I've started working on the pnfs (parallel NFS) project, which can be found as NFS version 4.1 pNFS. The intent is to parallelize NFSv4 traffic to a "server" - which is basically N+1 different storage units. One of the first things I am working on is the simple policy engine - which is used to decide how to parallelize the access. And the thing I am working on right now is gathering statistics on how the pnfs server is working.

We can consider the classical NFS client and server relationship in this diagram:

The client connects to a server via a network and the server has one or more disks either inside or attached to it. To get the most out of the box, we would add RAM, NVRAM, solid state disk, faster drives, etc. The reason that we don't have just one drive in there is that we can stripe the data access across multiple drives. Using RAID technology and volumes (i.e., make several physical disks appear as a logical unit), we can can parallelize data access to a set of disks.

What this means is that conceptually as one disk is busy doing I/O for us, we can be sending more work to the next disk. A very simplistic view would be to incorporate all of the disks into one large volume. You could then create project directories underneath the mount point. But, how do you enforce how much space a project gets? How do you keep people from looking where they should not? How do you get a very intensive application tied to the fastest disks?

These questions are ones of policy - how do we want to divide the resources? In a traditional server, we would create volumes dedicated to a policy. Below, we see we have /home, /builds, and /engineering. And we assume that the system (/, /usr, etc) is 'internal' to the server:

Perhaps the disks for /builds are faster. Perhaps the disks for /home are larger. All that matters here is that we made a static policy decision and changing it can be very difficult.

It is easy to see that eventually the limiting factor to data transfer is the bottleneck caused by the network connection. We went from 10Mbs to 100Mbs to 1G networks (and are working on making 10G a reality) in part because the server subsystems were faster than the network. But workloads have increased or client farms have scaled way out of proportion. Replace that single client with 1000 of them all trying to access the /home volume at once.

A solution is to parallelize the server by adding more boxes to it. A very simplistic approach would be the following:

We want the server to advertised with a single IP address, so we put a box in front to essentially route all traffic to the correct storage box. Think of the problems this presents:

• The routing box has to open up the packet enough to figure out where to re-route it.
  • We really want zero copies of the network packet.
  • Ideally it would go straight to the target storage box.
• How have we replaced the bottleneck of one machine processing every packet?

We want to leave the routing to network hardware. What does our router do? It decides which of the data servers to send the data to. Why does that decision need to be repeated for every packet? What if the very first time we started file access we decided which machine the file was going to go to?

The problem with this is that traditional NFSv3 and NFSv4 clients expect that the file will be on the same machine that was queried for the open. (This is not entirely accurate, NFSv4 could handle this migration of a file.) And if we wanted to split that file across multiple machines, well that is definitely outside of the scope of these protocols.

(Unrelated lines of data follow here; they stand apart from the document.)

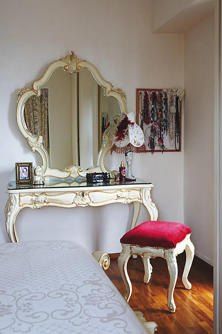 The master bedroom leans more towards traditional Baroque style with an ornate vanity set and headboard in elegant gold and ivory hues. However, red velvet stool upholstery maintain that signature injection of vivid colours. By combining classical architectural details like ornate furniture with modern elements like the black chandelier, this home achieves a delightful balanced look.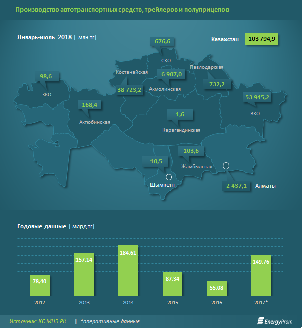 За семь месяцев на 103,8 млрд тенге выпущено автотранспортных средств, трейлеров и полуприцепов, что на 32,3% больше, чем год назад, сообщает Еnergyprom.kz.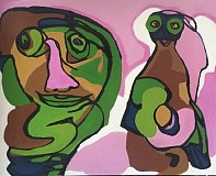Personage in de stijl van Karel Appel op 3D. Acryl op Canvas doek. Afmeting doek is 70 x 90 Cm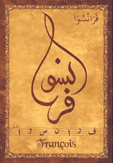 Jolie carte postale représentant le prénom français François calligraphié en arabe ainsi que son épellation lettre par lettre en arabe. Derrière la carte postale se trouve la signification du prénom. Prénom d'origine latine signifiant franc, libre.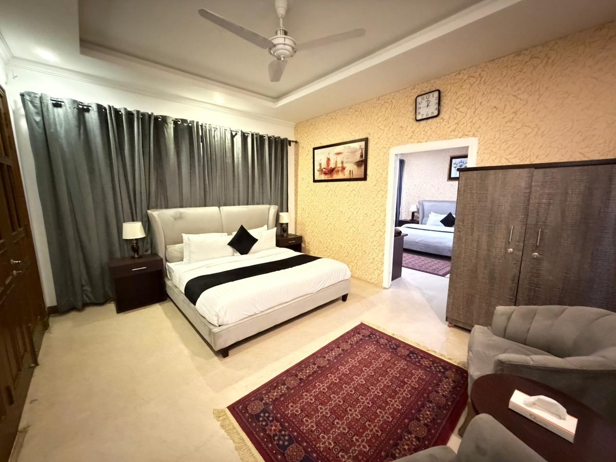 Decoración elegante y moderna, acogedora y céntrica ubicada en el corazón de Islamabad a solo un minuto de Centaurus Islamabad. Ambiente familiar, se observa total privacidad de los huéspedes. Televisión LED, wifi gratuito, canales vía satélite, aire acondicionado /habitaciones con calefacción central. Guardia de seguridad las 24 horas en las instalaciones. ¡Las ACTIVIDADES ILEGALES DE electricidad DE respaldo NO ESTÁN PERMITIDAS COMO DROGAS Y PROSTITUCIÓN!
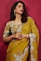 Featuring a yellow saree in organza base with dori work. It is paired with a silk blouse having dori work. Accentuate it with statement earrings and heels for a festive occasion, engagement or haldi ceremony.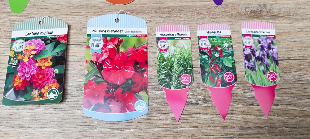 Diseño y fabricación de una amplia colección de etiquetas para plantas hortícolas y ornamentales para la empresa portuguesa Viveiros Monterosa. Se emplean diversos sistemas de sujección de la etiqueta en función del tipo de planta para se muestre de forma adecuada en el punto de venta: colgada, fijada a la maceta o clavada.
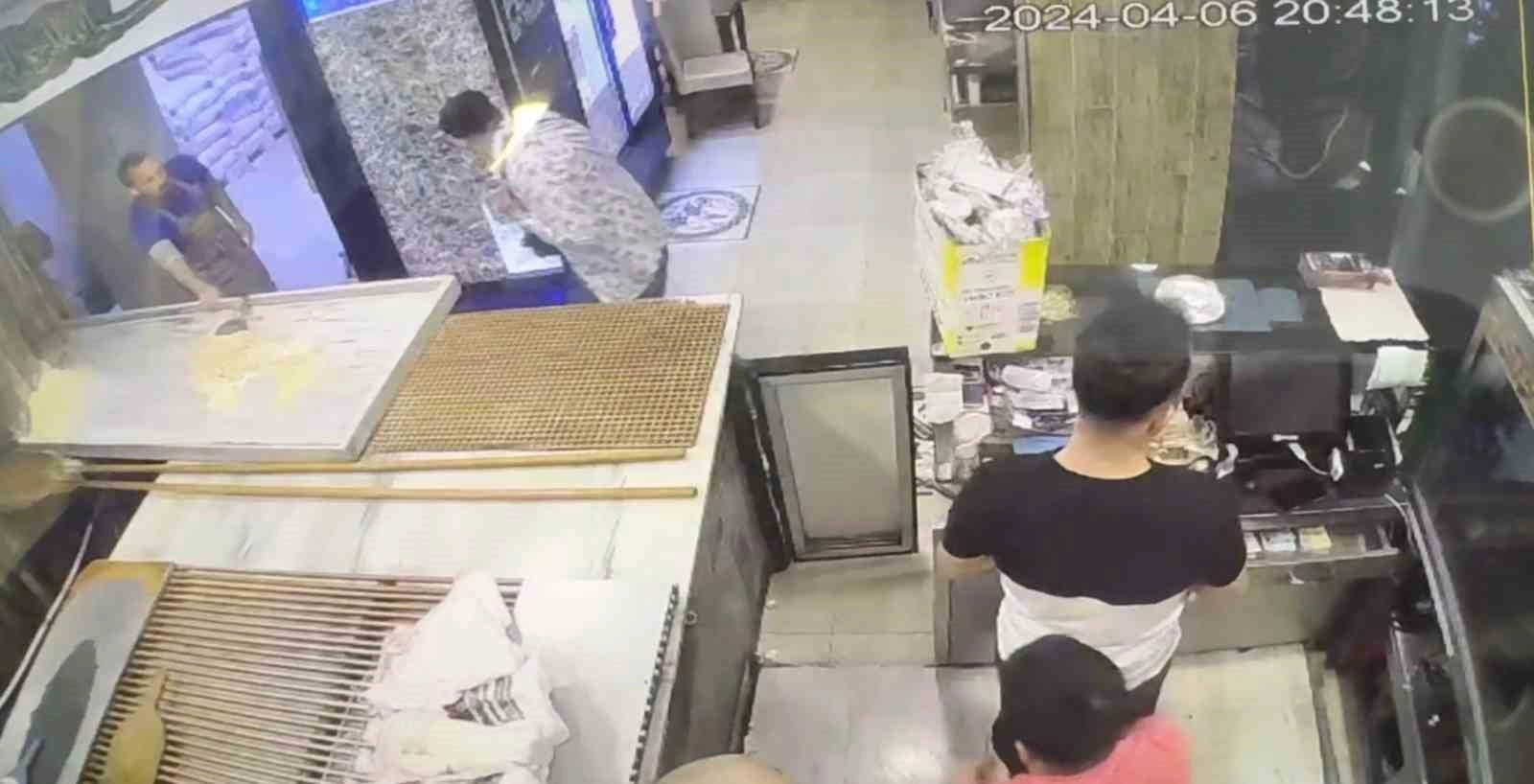 Dükkanın güvenlik kamerasına yansıyan görüntülerinde iş yeri sahibi ve çalışanlarının kasa ile fırın arasında olduğu, mermilerin geldiği anda da saklandıkları görülüyor. Olayı gerçekleştirenlerin kaçarak uzaklaştıkları görülüyor.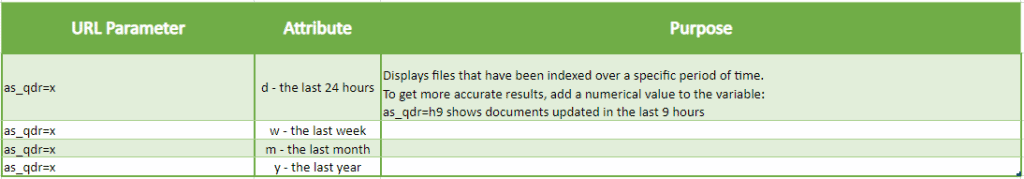 Google Search Parameters Cheat Sheet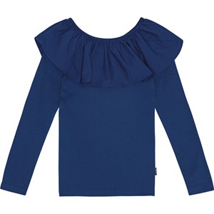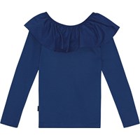 Mörkblå, tight långärmad topp i ekologisk bomullsribb med en poplinkrage och elastik, som kan bäras off-shoulder eller lyftas upp för att fungera både som krage och ärmslut.

The solution that pnfs takes is to provide a router, which is called a MDS (metadata server) and push the actually routing of the data back to the client:

Just as with RAID, we want to stripe access to the I/O. So, the client queries the MDS about the layout of the file. The layout is basically a list of DS (data servers) and the stripe size.

At a simplistic level, the client will access the first stripe size chunk on the first DS, the second chunk on the second machine, and so on. Once it has done that for all machines, it will wrap back to the first. If the client decides to start at a position other than the start of the file, it can do some simple calculations to determine which DS has the data.

A write operation can be visualized in the following:

To summarize, the pnfs client (for all intents and purposes a NFSv4.1 client) talks to the MDS to get metadata information (attributes) and the set of DSs which have the file. The client then directly talks to each of them for file access.

It is then the job of the spe to determine which set of machines that should be used. Instead of the static decision made when there were disks attached, we now make a dynamic decision. If the file access is for reading, well we don't need to consult the spe, the policy is in place. For writes, the spe will need to look at specified rules (policies) and the current state of the DSs to determine the best place to stripe the file. Note that nothing we have said (nor the above picture) dictates that the DS have adjacent IPs.

I'll talk more about the spe in a future entry.